My life in the time of cholera has taken on a new routine centered around my existence at home. We, as individuals, have been forced to exercise our coping mechanisms by the restrictions imposed upon us.

How am I coping?

CLEANING — cleaning out, re-organizing, and de-cluttering which also serves to clean my internal house. Clutter, external or internal, has always tended to increase my level of stress – for me it’s about ridding my life of so much unnecessary “stuff!” 

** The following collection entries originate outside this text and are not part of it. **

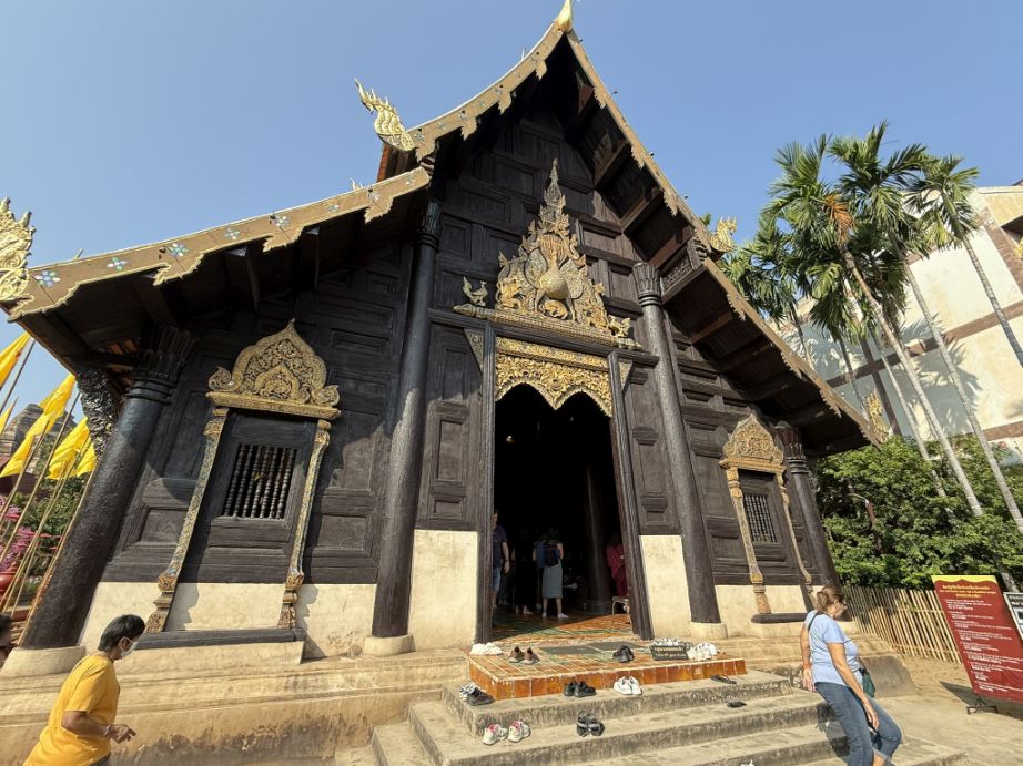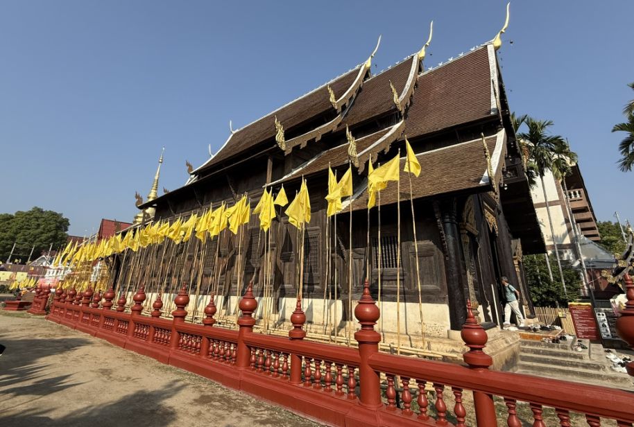 Wat Phan Tao is especially known for its beautiful wooden viharn (main hall). Unlike many temples in Chiang Mai that are covered in gold and bright colors, this hall is built almost entirely from dark teak wood in traditional Lanna architecture, giving it a very elegant and serene appearance. Historically, the building was once used as a royal palace hall before being converted into a temple structure in the 19th century during the reign of King Kawila.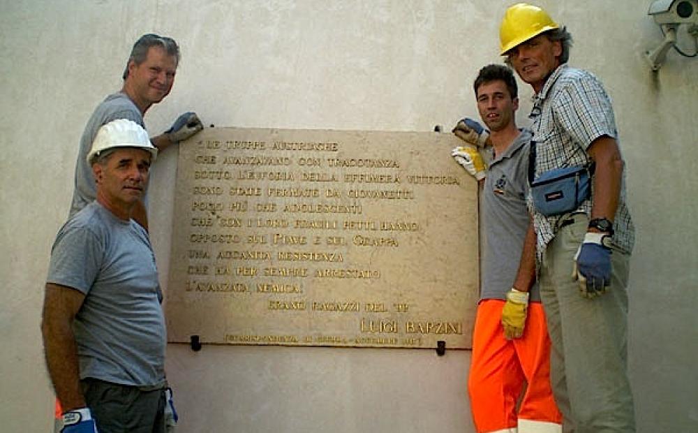 Alle 14 di questo pomeriggio una squadra di dipendenti dell'Ufficio Tecnico e del Magazzino Comunale, dopo aver predisposto l'intervento in mattinata, ha provveduto alla collocazione del manufatto - lucidato a nuovo per l'occasione - che riporta le frasi dedicate ai giovanissimi combattenti spediti al fronte contro gli austriaci dal corrispondente di guerra, e grande giornalista, Luigi Barzini.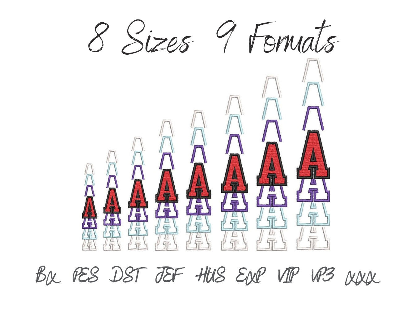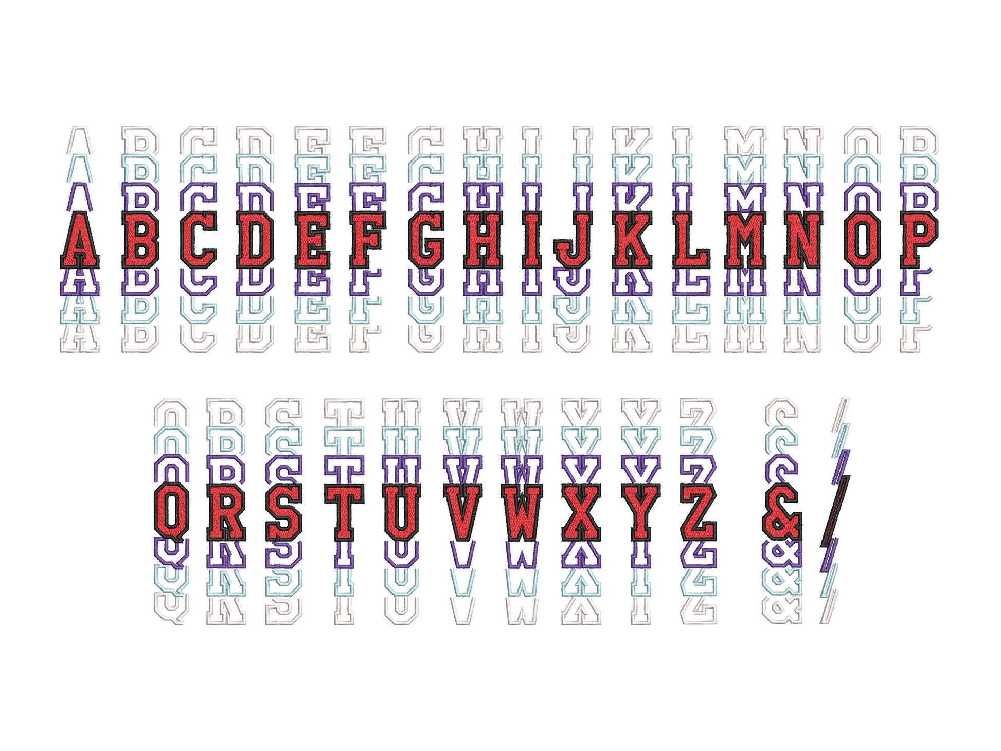 Stacked Font Athletic Sport, fill stitch and outline alphabet letters, boy trend Font fabulous machine embroidery designs many sizes BX incl
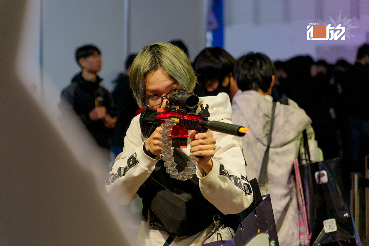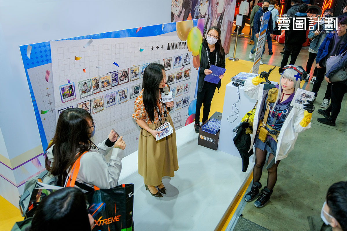 少女前線 2:追放》作為其 IP 系列的最新力作,官方於現場以遊戲中的場景打造多靶位的射擊遊戲區,重現遊戲中多位人形需同時在戰鬥場景中與敵方戰鬥的遊戲設定。於此同時,官方邀約知名 Coser 演繹首波宣傳即獲得高人氣的人形角色「維普蕾」、「閃電」和「克羅麗科」,到場的玩家們可邀約人形一起使用拍貼機作紀念。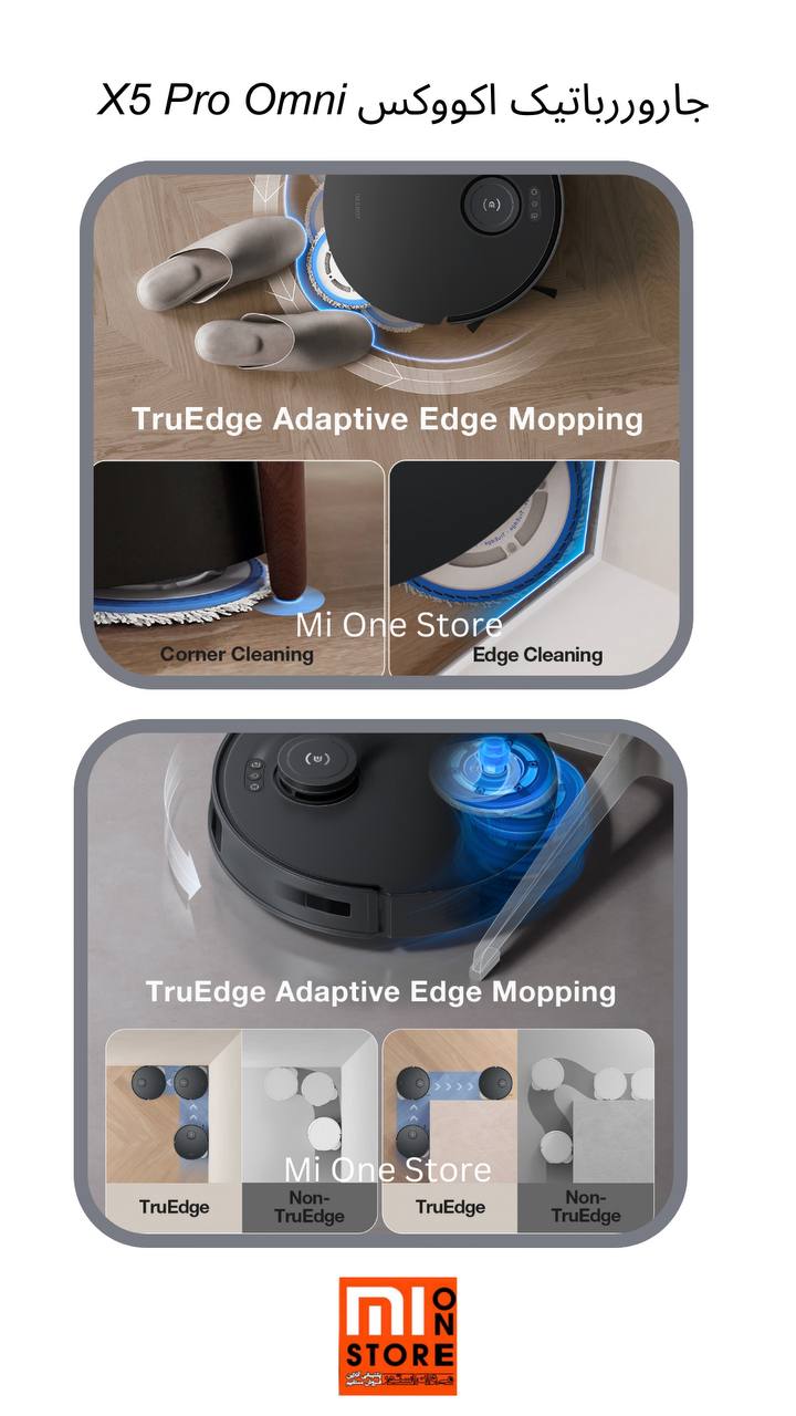 - TruEdge با فاصله 1 میلیمتری از دیوارها و موانع، پوشش 100% تمیزکاری جاروبرقی و پاککن را تضمین میکند.

BIRD WATCHING — I fill my bird feeders and enjoy bird activity. The goldfinches are starting to turn yellow, and I’m waiting to spot my first bluebird.  Ever the optimist, I made my sugar water solution and filled my hummingbird feeder.  I live in anticipation of spotting the first hummer.

a lucky capture last summer

I WRITE — I’ve enjoyed chronicling Leia’s growth and development on my blog, and it feels good to be back to a semblance of regular writing.  My mind constantly mulls over possible prompts for topics to share with my readers and finding (or taking) appropriate photos or images to use with a post.

PHOTOGRAPHY – one of my passions. There’s a deep stirring in my creative center that is nudging me to pull out my Canon and also to experiment with my recently converted infra-red camera.  I’m grateful for the freedom to get in the car and take off with the dogs on one of my photo jaunts, exploring new territory and delightfully getting lost on back roads where no one minds if I poke along at 15 mph.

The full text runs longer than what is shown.